Bisnis.com, JAKARTA – Performa reksa dana saham terus mencatatkan pertumbuhan positif memasuki September 2022. Meski demikian, potensi kenaikan inflasi, perlambatan ekonomi global, dan kenaikan suku bunga The Fed membayangi kinerja instrumen ini ke depannya.
Laporan dari Infovesta Utama pada Senin (5/9/2022) menyebutkan, kinerja reksa dana saham selama periode 26 Agustus-2 September terpantau naik 0,54 persen, sementara itu reksa dana campuran juga terpantau menguat 0,45 persen. Kenaikan tersebut terjadi seiring performa positif Indeks Harga Saham Gabungan (IHSG).
Sepanjang pekan lalu, IHSG menguat sebesar 0,59 persen di level 7.177. Penguatan IHSG ditopang oleh naiknya harga saham pada sektor energi sejalan dengan kenaikan harga batu bara. Selain itu, rilis data beberapa emiten pada kuartal II/2022 juga tercatat memberikan kinerja cukup baik.

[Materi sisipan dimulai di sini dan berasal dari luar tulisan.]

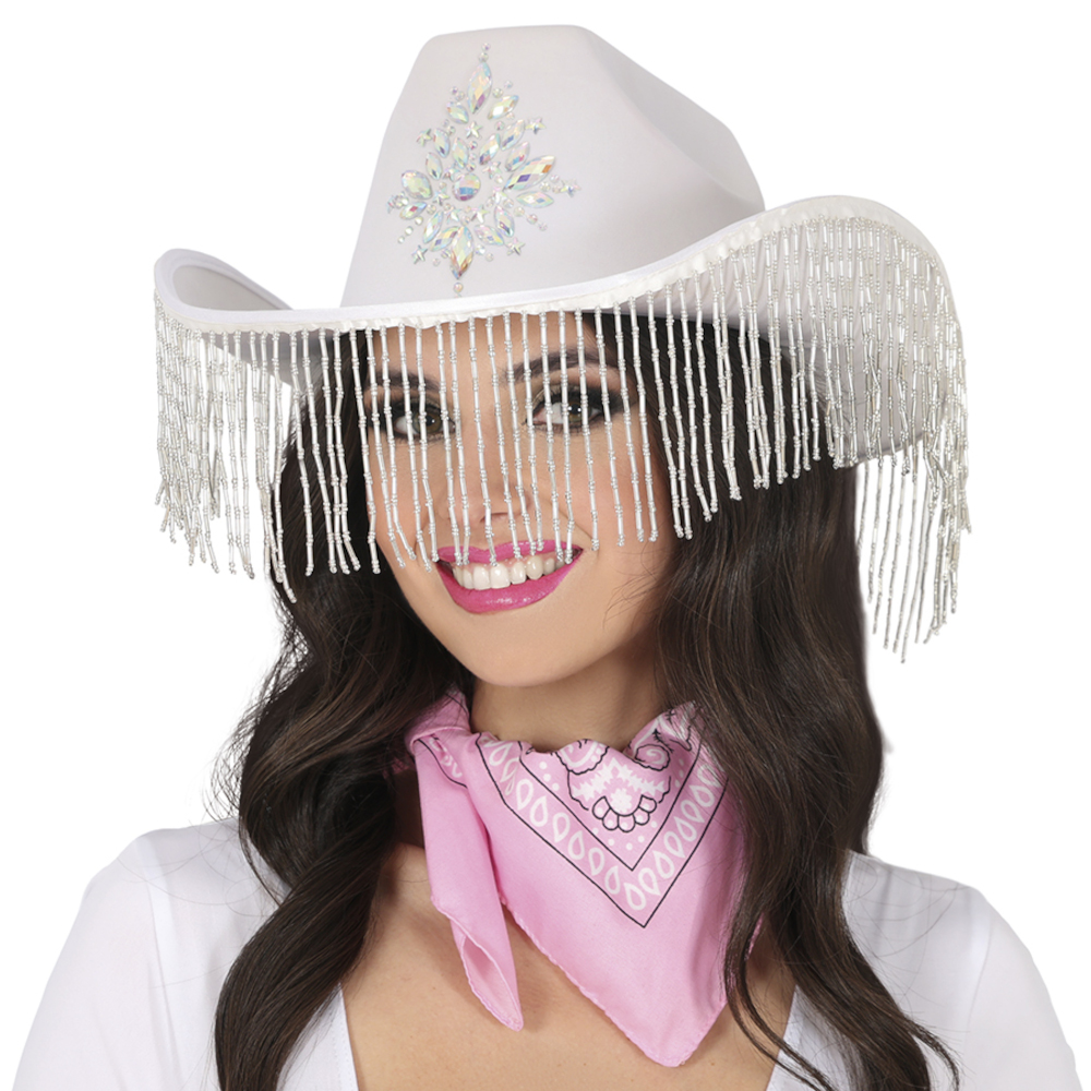 Chapeau de cowgirl blanc à franges

“Kenaikan pasar saham juga didukung rilis data inflasi yang mengalami penurunan sebesar 4,69 persen pada Agustus dibandingkan pada bulan Juli sebesar 4,94 persen di bawah konsensus pasar,” jelasnya.
Dengan kondisi pasar saat ini, kinerja IHSG telah mengalami pertumbuhan sebesar 9,05 persen secara year-to-date (ytd) sementara reksa dana saham membukukan return 2,61 persen ytd. Kenaikan reksa dana saham dan IHSG terutama disumbangkan oleh sektor energi, seiring dengan kelanjutan perang antara Rusia dan Ukraina yang memicu kenaikan harga beberapa komoditas, terutama energi.
Meski demikian, ke depannya investor perlu mencermati data kenaikan inflasi inti. Pada Agustus lalu, inflasi inti naik ke level 3,04 persen dibandingkan bulan sebelumnya. Hal ini seiring dengan kenaikan harga pada sektor jasa akibat dari meningkatnya daya beli masyarakat. Oleh karena itu, inflasi inti telah melewati target dari Bank Indonesia sebesar 3 persen.
Baca Juga
“Seiring dengan naiknya tingkat inflasi inti kekhawatiran pasar juga meningkat, dimana jika BI menaikan tingkat suku bunganya lebih agresif akan menjadi sentimen negatif bagi pasar,” jelasnya.
Sementara dari sisi global, kenaikan suku bunga The Fed, efek lockdown di China, dan berlanjutnya perlambatan ekonomi global juga dapat menjadi perhatian investor. Pada pekan lalu, beberapa negara melaporkan rilis data PMI Manufaktur yang mengalami perlambatan ke level terendah sejak awal pandemi.
Pada Jumat malam pekan lalu, rilis data ketenagakerjaan Amerika Serikat menunjukan perlambatan seiring dengan meningkatnya angka pengangguran yang naik dari level 3,5 persen ke level 3,7 persen.